The terminology used herein is for the purpose of describing particular embodiments only and is not intended to be limiting of example embodiments. As used herein, the singular forms “a” , “an” and “the” are intended to include the plural forms as well, unless the context clearly indicates otherwise. It will be further understood that the terms “comprises” , “comprising” , “has” , “having” , “includes” and/or “including” , when used herein, specify the presence of stated features, elements, and/or components etc., but do not preclude the presence or addition of one or more other features, elements, components and/or combinations thereof.
As described above, conventionally, in order to monitor moving objects, most of all humans, in proximity of the free-accessible robot, a dedicated laser sensor with wide sensing range needs to be provided for objects detection. However, such laser sensor is expensive thereby increasing the overall cost of the robot system.
In view of the above, a safety monitoring mechanism is provided. In the safety monitoring mechanism, a robot obtains and utilizes sensor data collected by a transportation device in association and communication with the robot obtains. During the process where the transportation device moves according to its predefined route and parks at the working station to perform collaborative operations with the robot operating in the working station, the transportation device utilizes its sensor to detect objects on its route to avoid collision. The detection range of the sensors on the transportation device may cover a very wide range, especially the working area of the robots. Therefore, the robot may utilize the sensor data to determine whether personnel are in the working area of the robot.
In this way, the safeguarding function can be achieved without additional laser sensors thereby reducing the overall cost of the robot system.
A framework in accordance with embodiments of the present disclosure will be described with reference to Fig. 1. Fig. 1 schematically illustrates a block diagram of an example robot system 100 in which example embodiments of the present disclosure can be implemented. As illustrated in Fig. 1, the robot system 100 includes a robot 110 deployed in a working station 120 for example in an industrial facility. In the industrial facility, there may be a plurality of working stations arranged on the side of aisles. The aisles are provided for transportation devices to travel to the associated robots. The working station 120 is fixed at a position in the industrial facility which is known to a controller 110 coupled to the robot 120. The controller 110 is configured to control operations of the robot 120.
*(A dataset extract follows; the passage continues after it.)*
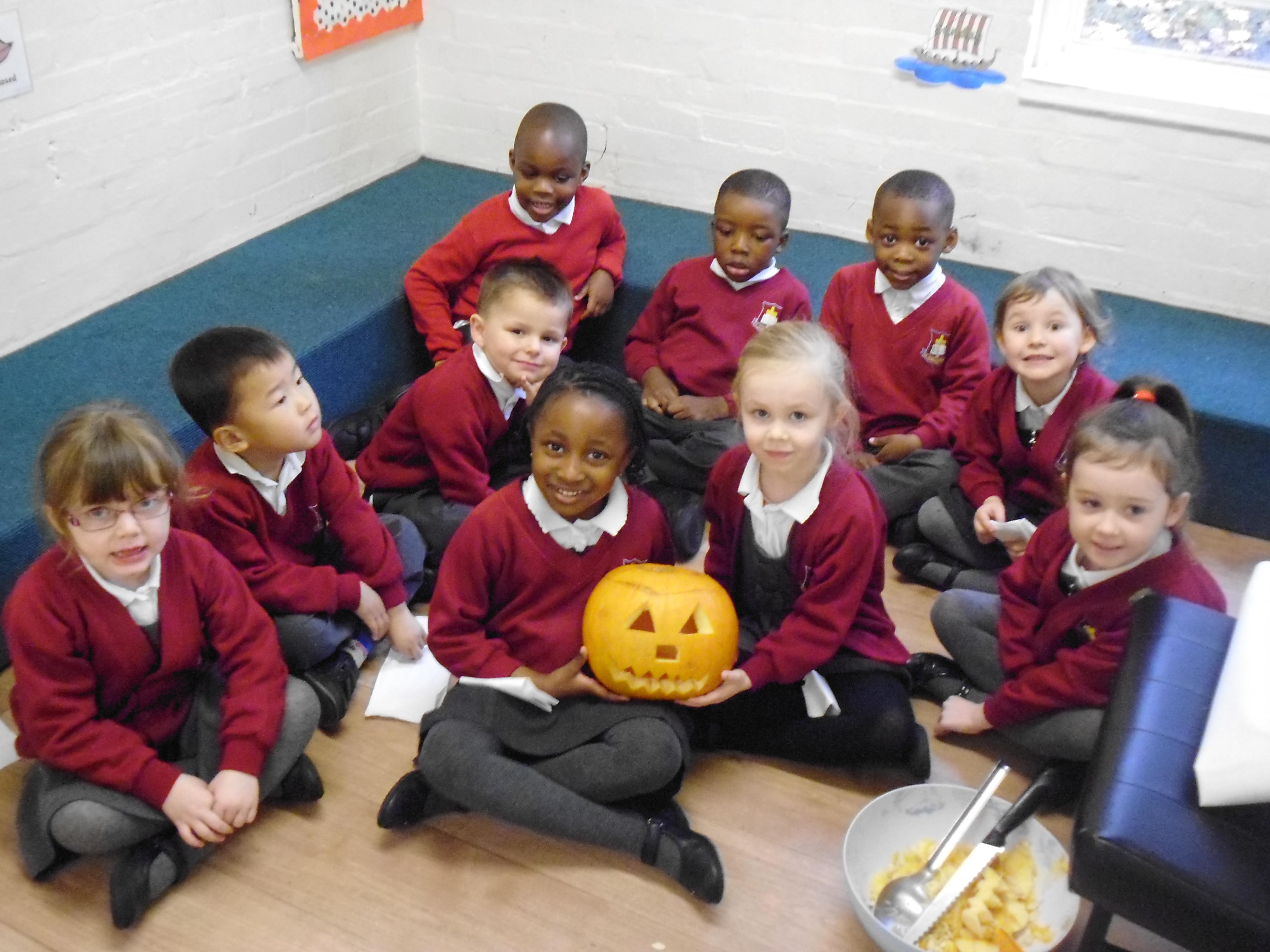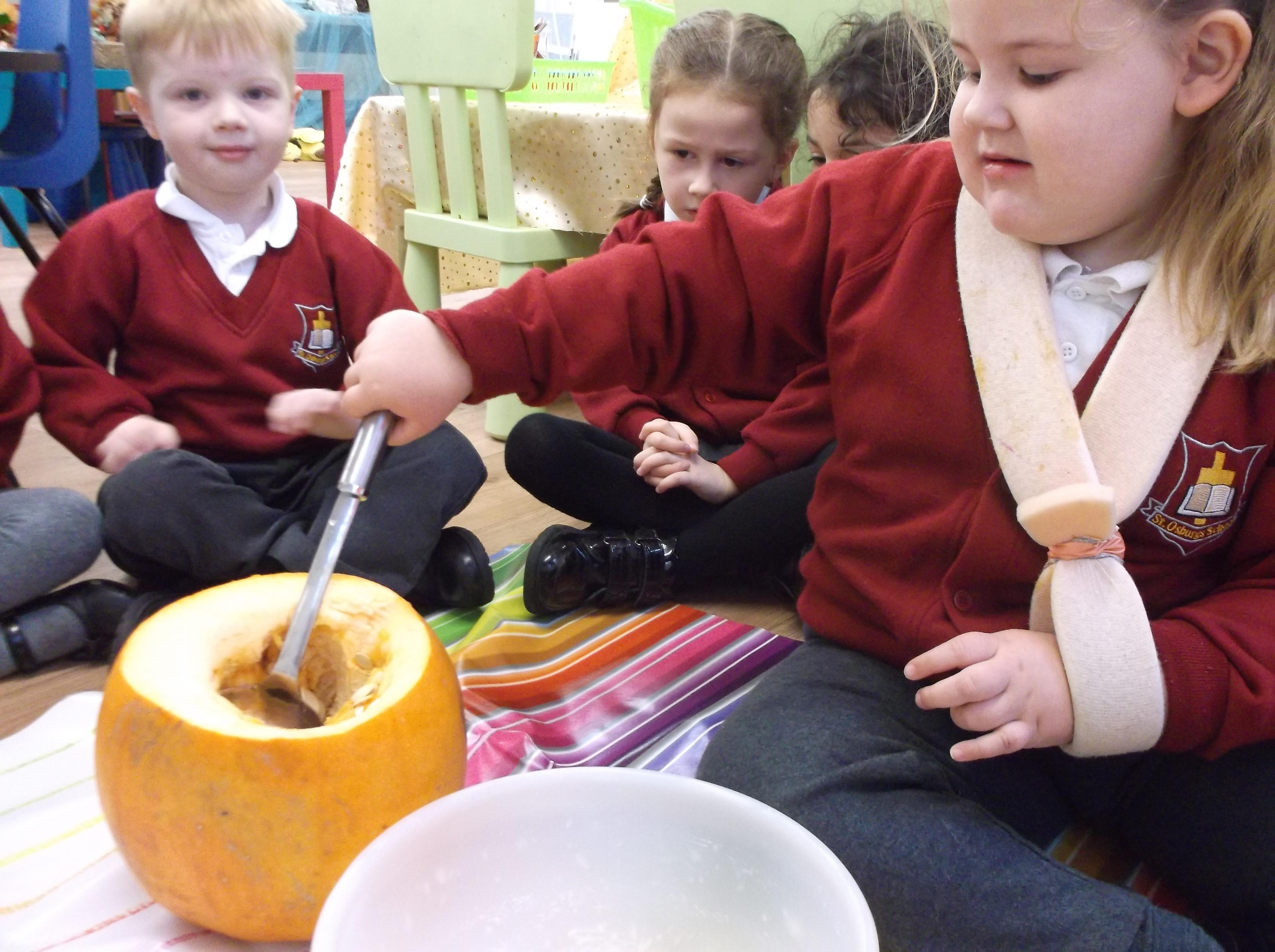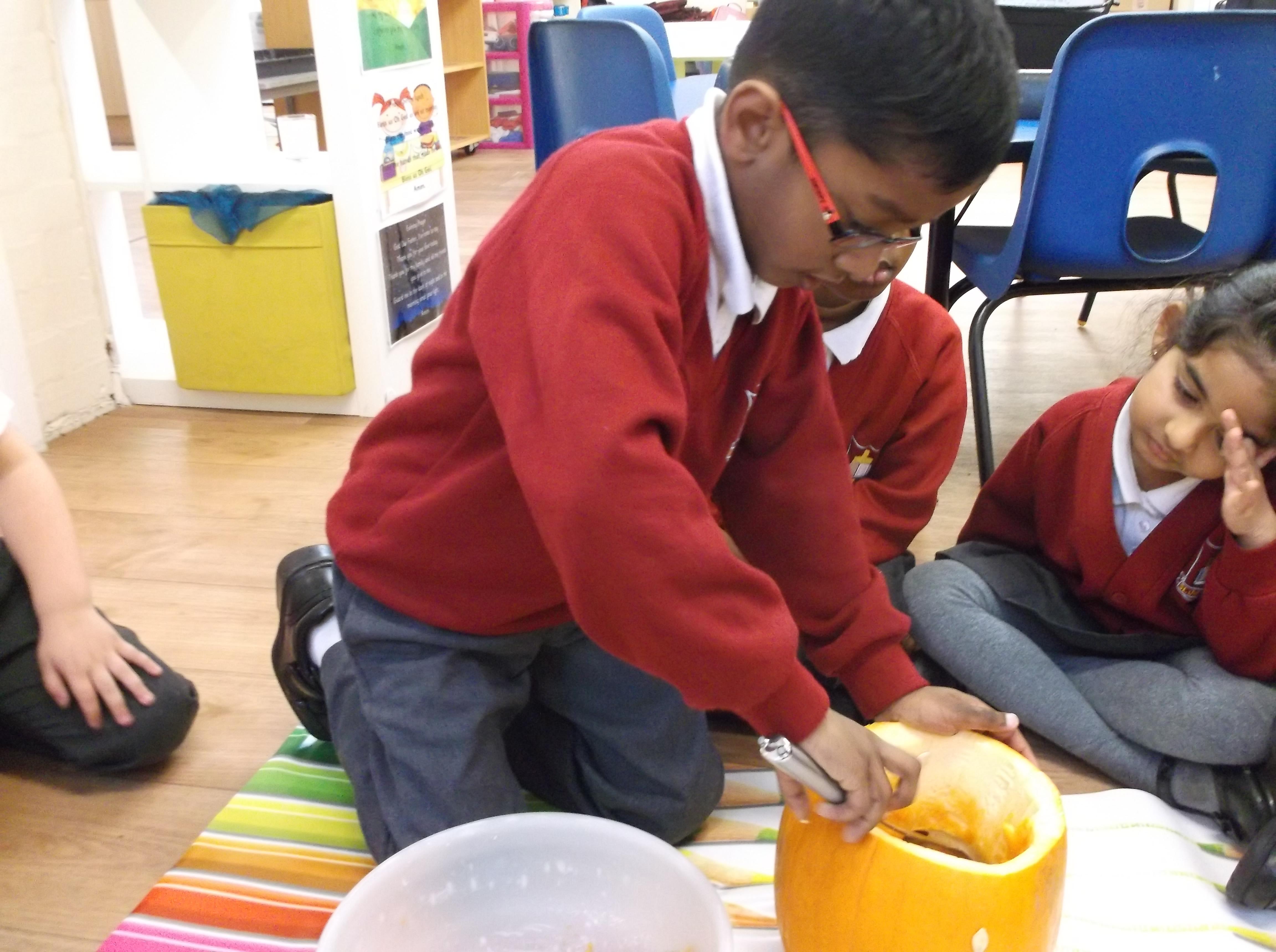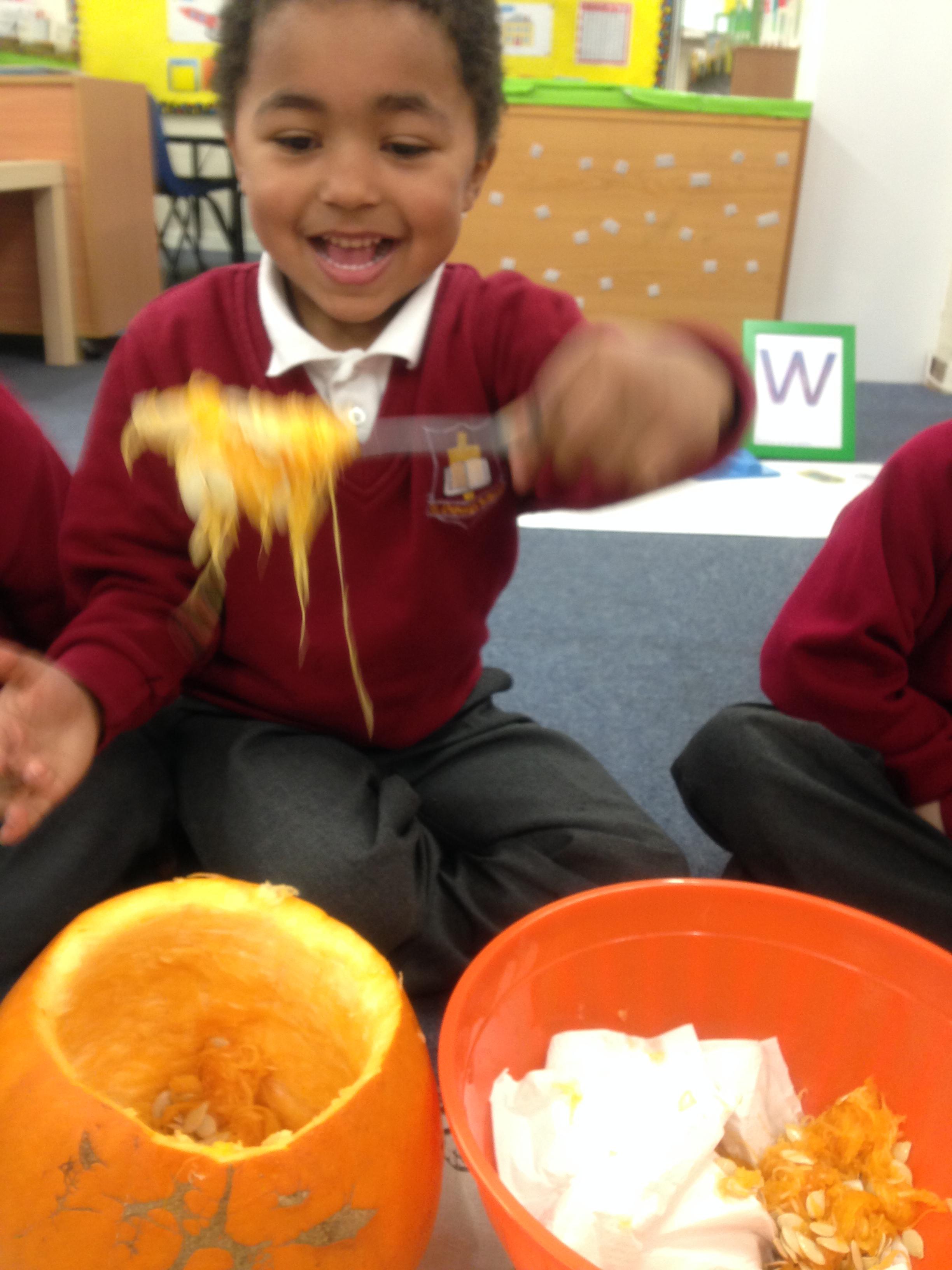The children were so excited to help carve out a pumpkin and talk about what they found inside. We have put our pumpkins on our Autumn topic table.

As illustrated, the robot system 100 further includes a transportation device 130. The transportation device 130 is associated with the robot 110 and they are wirelessly connected and communicated with each other over a wireless network. For example, the robot 110 and the transportation device 130 may be all connected to wireless local area network (WLAN) of the industrial facility. The transportation device 130 comprises a controller 131 configured to control the transportation device 130 to travel along a preprogramed route. When the transportation device 130 reaches the working station 120, an arm 112 of the robot 110 may pick up materials carried by the transportation device 130 for further processing. After the collaborative operation is complete, the transportation device 130 will continue to travel along the route and may carry the remaining materials to the next working station.
The robot 110 includes a base 111 and an arm 112. The base 111 may be fixed at the working station 120. The arm 112 may for example be provided with an end effector at one end. The arm 112 may include a plurality of sections. Each section may be able to rotate around another section connected to it. In the illustrated embodiment, when all the sections of the arm 112 are aligned in a straight line, the arm 112 may reach an edge of its maximum working area 140 with a radius R1. If a human enters into the maximum working range 140, it may collide with the arm 112.
The transportation device 130 is configured to detect obstacles in the predefined route with laser scanners during movement to avoid collisions. In the illustrated
embodiment, there are two laser scanners provided on the transportation device 130, including a first laser scanner 132 in the front and a second laser scanner 133 in the rear. The first laser scanner 132 may be configured to detect the objects in a front range 151 and the second laser scanner 133 may be configured to detect the objects in a rear range 152 such that they can cover a wide range around the transportation device 130. When the transportation device 130 detects a human, for example a human 160 as illustrated, in its predefined route, the transportation device 130 may determine a relative distance from the human 160 to check whether there is a risk that the human 160 would collide with the transportation device 130. If the transportation device 130 finds that there is indeed a risk, the transportation device 130 may decelerate or stop.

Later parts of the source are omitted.